- **WHAT IS REQUIRED**
As an exercise in exact copying, transcribe the lines below from the one holding "Так как царапина" through the last, with both ends included and pictures left out.

- **DATA SHOWN**
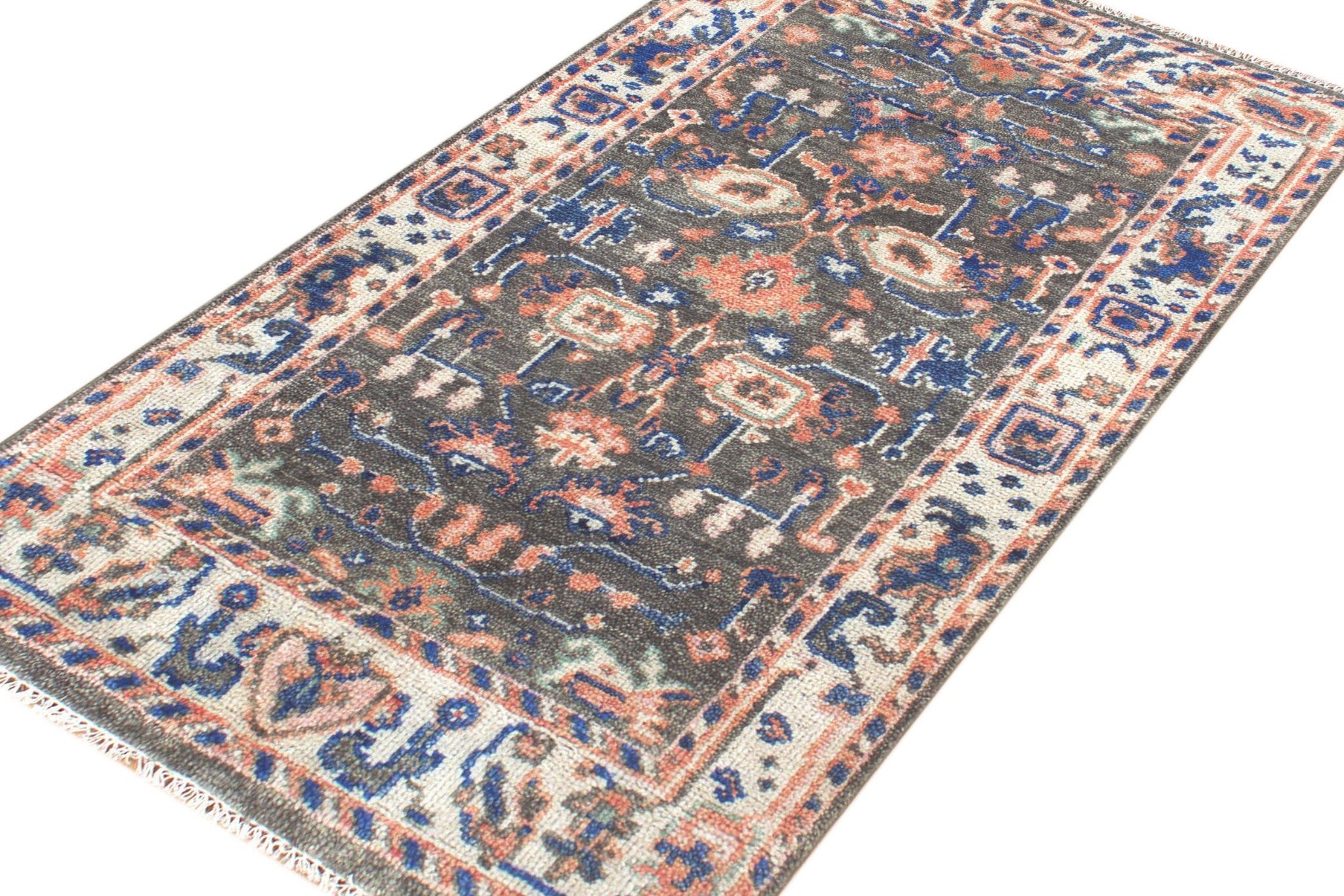 New Large Scale Floral Traditional Indian Oushak 6 4' 0" X 5' 10" Grey Rug
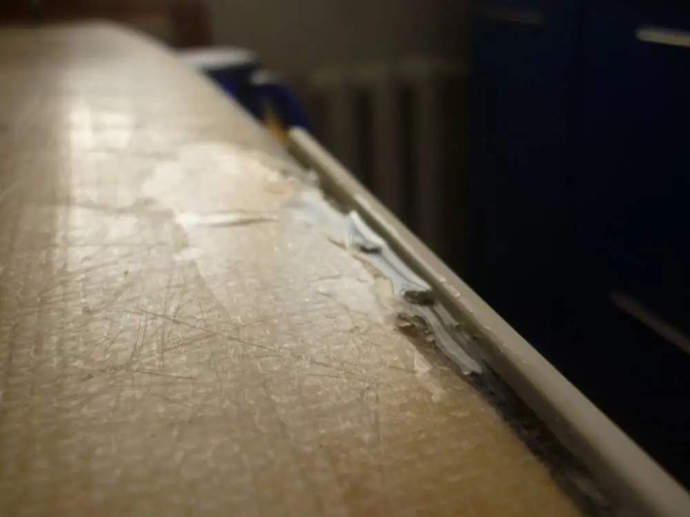 Так как царапина у меня была с краю доски, на самый край я приклеил на «Момент» кусок кабель-канала. Чтобы в последующем смола не стекала, а оставалась на месте повреждения. Сильно его клеить не надо, ибо кабель-канал все равно потом отрывать.
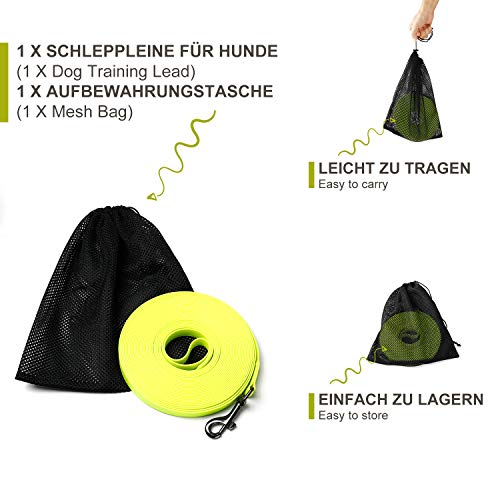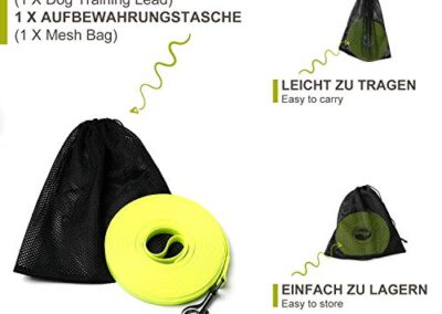 - ◆ RÉSISTANT À LA SALETÉ ET FACILE À NETTOYER ET À RANGER : La saleté est facile à nettoyer avec un détergent neutre et ne laisse rien sur la longue laisse du chien après le nettoyage. La laisse de dressage pour chien est livrée avec un sac en filet, facile à ranger et à transporter

- **ANSWER FOR THE TASK**
 Так как царапина у меня была с краю доски, на самый край я приклеил на «Момент» кусок кабель-канала. Чтобы в последующем смола не стекала, а оставалась на месте повреждения. Сильно его клеить не надо, ибо кабель-канал все равно потом отрывать.
 - ◆ RÉSISTANT À LA SALETÉ ET FACILE À NETTOYER ET À RANGER : La saleté est facile à nettoyer avec un détergent neutre et ne laisse rien sur la longue laisse du chien après le nettoyage. La laisse de dressage pour chien est livrée avec un sac en filet, facile à ranger et à transporter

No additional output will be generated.